> **Exercise aim**:
Leaving out pictures, output exactly the lines below from the one that has "spring ring clasp." through the one that has "Sollte dem Index", and nothing else.
Start of Data shown
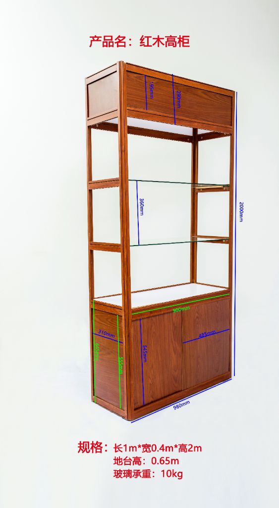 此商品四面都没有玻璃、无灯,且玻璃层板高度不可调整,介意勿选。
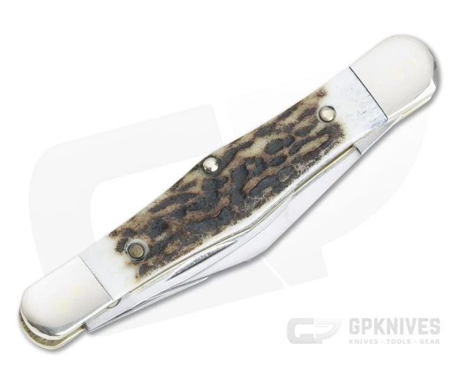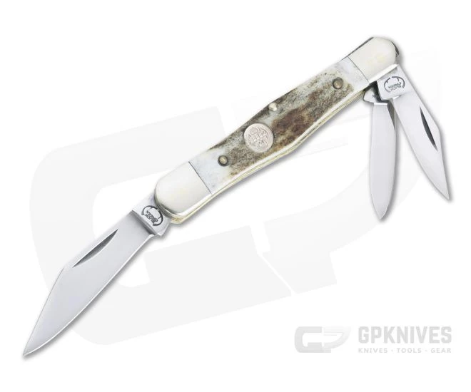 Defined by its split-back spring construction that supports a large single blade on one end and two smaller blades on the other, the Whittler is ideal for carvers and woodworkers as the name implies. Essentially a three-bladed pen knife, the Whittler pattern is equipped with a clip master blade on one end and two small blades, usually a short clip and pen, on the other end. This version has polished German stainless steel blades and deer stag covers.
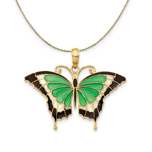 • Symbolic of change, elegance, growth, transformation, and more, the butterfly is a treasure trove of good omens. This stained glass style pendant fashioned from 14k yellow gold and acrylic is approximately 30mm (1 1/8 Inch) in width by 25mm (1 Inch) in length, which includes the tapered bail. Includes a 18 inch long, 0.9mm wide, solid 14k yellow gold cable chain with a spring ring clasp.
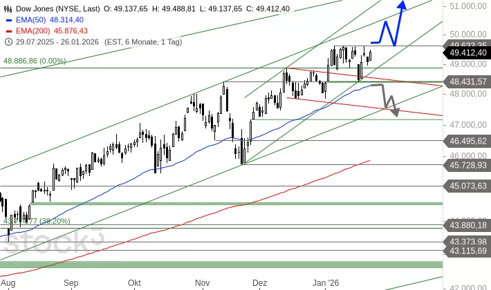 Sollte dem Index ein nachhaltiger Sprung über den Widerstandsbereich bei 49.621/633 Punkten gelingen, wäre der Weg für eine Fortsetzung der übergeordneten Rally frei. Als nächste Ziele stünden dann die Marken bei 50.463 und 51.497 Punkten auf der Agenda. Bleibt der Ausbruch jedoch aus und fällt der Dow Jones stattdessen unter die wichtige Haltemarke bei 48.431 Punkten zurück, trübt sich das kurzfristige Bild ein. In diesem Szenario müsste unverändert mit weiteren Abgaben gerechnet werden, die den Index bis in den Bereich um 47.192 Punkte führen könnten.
End of Data shown
Start of Data shown
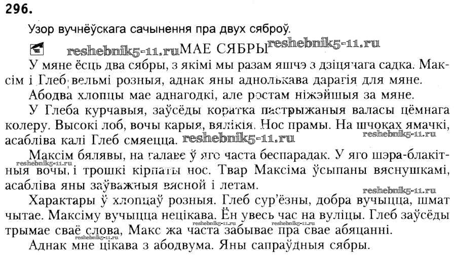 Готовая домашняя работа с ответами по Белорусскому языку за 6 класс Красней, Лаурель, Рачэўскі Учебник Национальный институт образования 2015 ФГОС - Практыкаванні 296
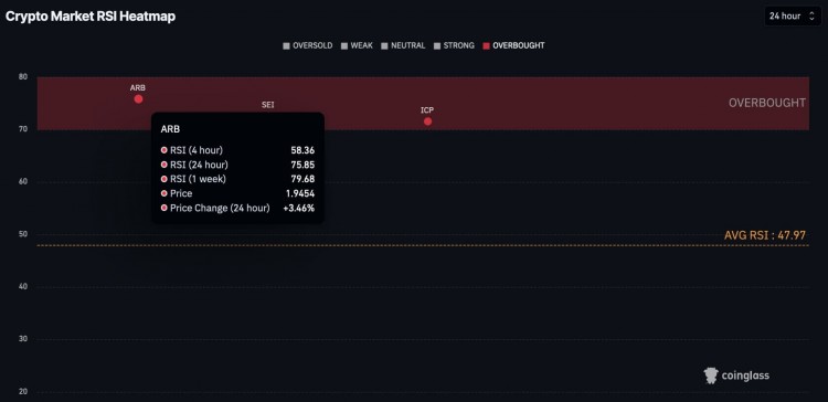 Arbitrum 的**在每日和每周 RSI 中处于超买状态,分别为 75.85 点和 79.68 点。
End of Data shown
> **Your solution**:
 • Symbolic of change, elegance, growth, transformation, and more, the butterfly is a treasure trove of good omens. This stained glass style pendant fashioned from 14k yellow gold and acrylic is approximately 30mm (1 1/8 Inch) in width by 25mm (1 Inch) in length, which includes the tapered bail. Includes a 18 inch long, 0.9mm wide, solid 14k yellow gold cable chain with a spring ring clasp.
 Sollte dem Index ein nachhaltiger Sprung über den Widerstandsbereich bei 49.621/633 Punkten gelingen, wäre der Weg für eine Fortsetzung der übergeordneten Rally frei. Als nächste Ziele stünden dann die Marken bei 50.463 und 51.497 Punkten auf der Agenda. Bleibt der Ausbruch jedoch aus und fällt der Dow Jones stattdessen unter die wichtige Haltemarke bei 48.431 Punkten zurück, trübt sich das kurzfristige Bild ein. In diesem Szenario müsste unverändert mit weiteren Abgaben gerechnet werden, die den Index bis in den Bereich um 47.192 Punkte führen könnten.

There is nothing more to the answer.